Uno de los mejores teólogos del siglo XX, Karl Barht, ofrece la siguiente
reflexión: “A través de Jesucristo, Dios ha demostrado, haciéndolo
visible, audible y perceptible, que Él amaba al mundo, que Él no quiso
ser Dios sin tal mundo, sin los hombres, sin ningún individuo en
particular. Y en el mismo Jesucristo, Él ha demostrado, haciéndolo
visible, audible y perceptible, que el mundo, al igual que todos los
hombres y que cada individuo en particular, no pueden existir sin Él. La
demostración de que Él pertenece al mundo, y este mundo le pertenece
a Él, es la opción y la obra de Su amor en Jesucristo, el reino del hijo de
Su amor”.
Es fuerte eso que dice Barht: Dios no quiso ser Dios sin los hombres.

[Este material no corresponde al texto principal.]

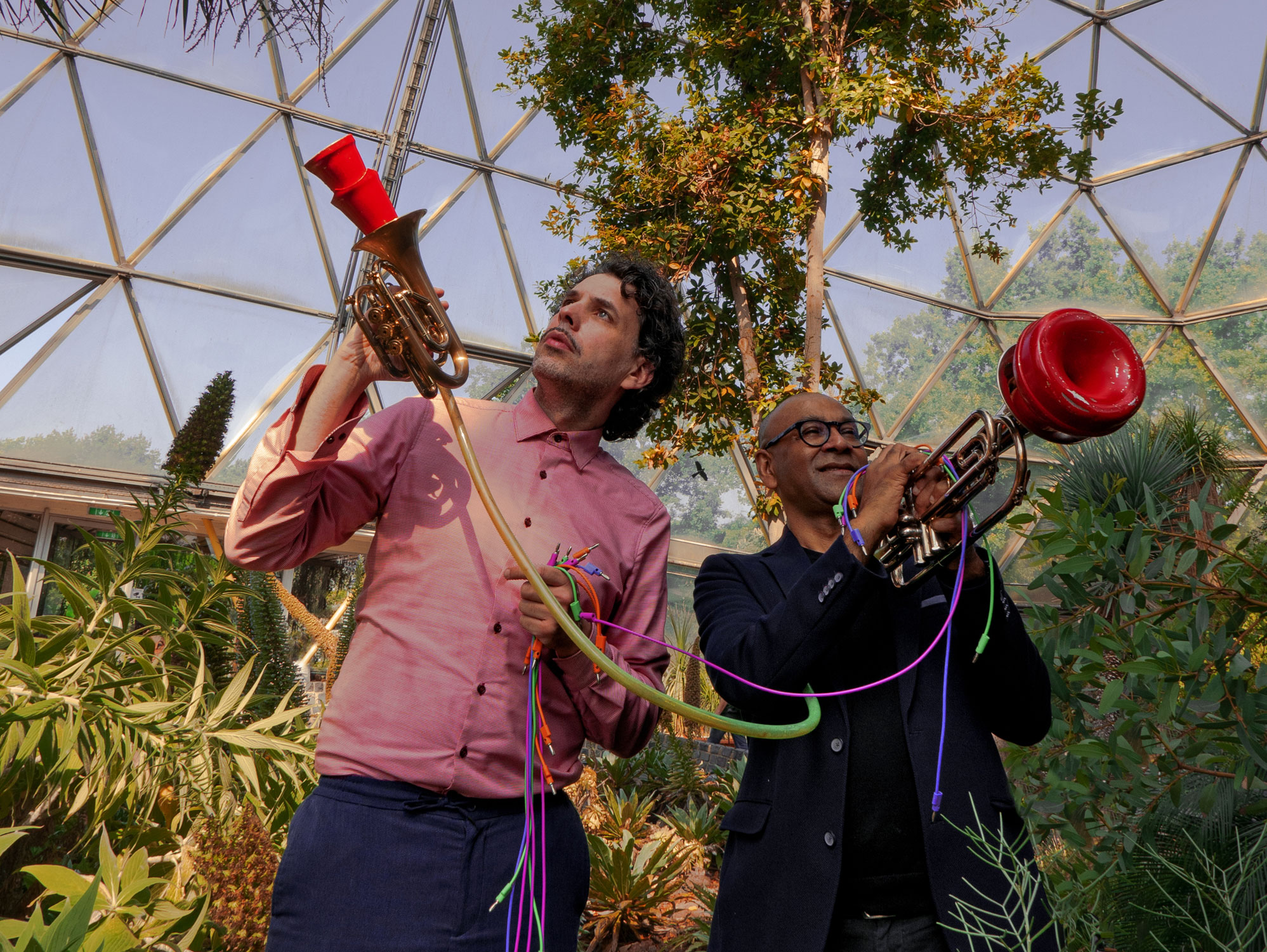 Over the years, Rajesh Mehta has innovated a variety of instruments under the title "Hybrid Trumpets": including a slide trumpet inspired by Indian music microtonality and a rare Bass trumpet that connects other trumpets and devices through tubes to create extended sound worlds. Additionally, Mehta interacts with the architectural acoustics and moves within the space as he plays. Schulze projects contrapuntal sound panoramas using analog modular synthesizers through multichannel speaker systems into the space, which can evoke abstract representations of fauna and flora.

Pero eso es lo propio del amor: no querer ser sin el otro, no querer
teniéndose a sí mismo sin el tú amado. Por otra parte, si aceptamos de
verdad que Dios no quiso ser Dios “sin ningún individuo en particular”, o
sea, con todos y cada uno de los seres humanos a los que conoce
personalmente por su nombre, eso significa que cuando rechazamos a
un ser humano estamos rechazando una “parte”, algo propio de Dios.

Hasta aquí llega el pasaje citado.